Class warfare? Hardly.
Opinions on the president's debt plan
Economist Bill Gale provides a useful and thoughtful review of the package outlined by the President this morning. Since I’m obsessed with the class warfare nonsense we’re hearing from the R’s on this, allow me to highlight that section of Bill’s analysis (note the part of Rep. Ryan’s budget):
Proposals to raise taxes on high-income households inevitably generate claims of “class warfare.”
–But it seems reasonable to ask for some fiscal sacrifice from a group that (a) is very well off, (b) has seen meteoric income gains relative to the rest of the population over the past 30 years, and (c) has nevertheless seen their average tax burden fall, not rise, during that period. It does not seem fair to let the wealthiest escape from sharing the burden of closing the fiscal gap; nor is there a way to impose that burden without tax increases.
–Ironically, proposals like Rep. Ryan’s recent plan to address long-term fiscal issues would impose more than the full burden of closing the fiscal gap on low- and middle-income households and, at the same time, give high-income households a tax cut. That seems much less justified on fairness grounds than asking high-income households to share in the burden of closing the fiscal gap.

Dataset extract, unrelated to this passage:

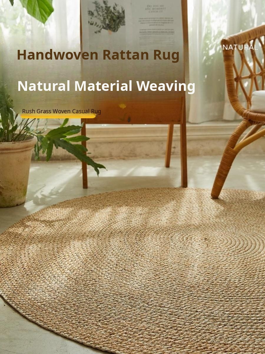 Luxury French Style Jute Area Rug for Autumn & Winter - Handwoven Cotton and Linen Non-Slip Mat for Cozy Living Rooms, Perfect for Winter Decor
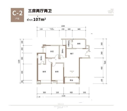 C2,户型居室:【3室2厅1厨2卫】,建筑面积:【107平方米】

Next, my CBPP colleague Jim Horney provides a close look at some key aspects of this plan. He hits a particularly important point here:
The only people largely shielded from cuts under the President’s plan are the most vulnerable Americans — children, the disabled, the blind, and the elderly with very low incomes. In light of the recent Census data showing a historically high rate of poverty, the President wisely followed the core principle established by the Bowles-Simpson commission report that deficit reduction should not push more Americans into, or deeper into, poverty. Such a balanced approach — both increases in revenues and reductions in spending — is the only approach that will put the budget on an economically and politically sustainable path.
He then turns to the forthcoming Congressional debate (my bold):
The balanced approach the President has proposed takes on a wide variety of special interests, from wealthy Americans who want to preserve their tax breaks to the pharmaceutical industry that does not want to give up the increases in the prices the federal government pays for prescription drugs for low-income Americans that the industry was given in the 2003 Medicare prescription drug bill. But if Congress does not stand up to these special interests, it will be the broad American public that pays — both in squandered opportunities for deficit reduction and in big cuts in programs that benefit average Americans rather than those best able to lobby Congress.
…An unbalanced deficit reduction package that allows lawmakers to continue to pretend that no increase in revenues is necessary and that it is possible to avoid confrontations with powerful special interests would be worse than no deal at all. The latter outcome would at least show the public that it is lawmakers’ unwillingness to confront reality on revenues and special interests that is blocking the path to substantial, sustainable deficit reduction. This is why the President’s vow to veto a deficit reduction package that is not balanced represents a stand in support of real deficit reduction.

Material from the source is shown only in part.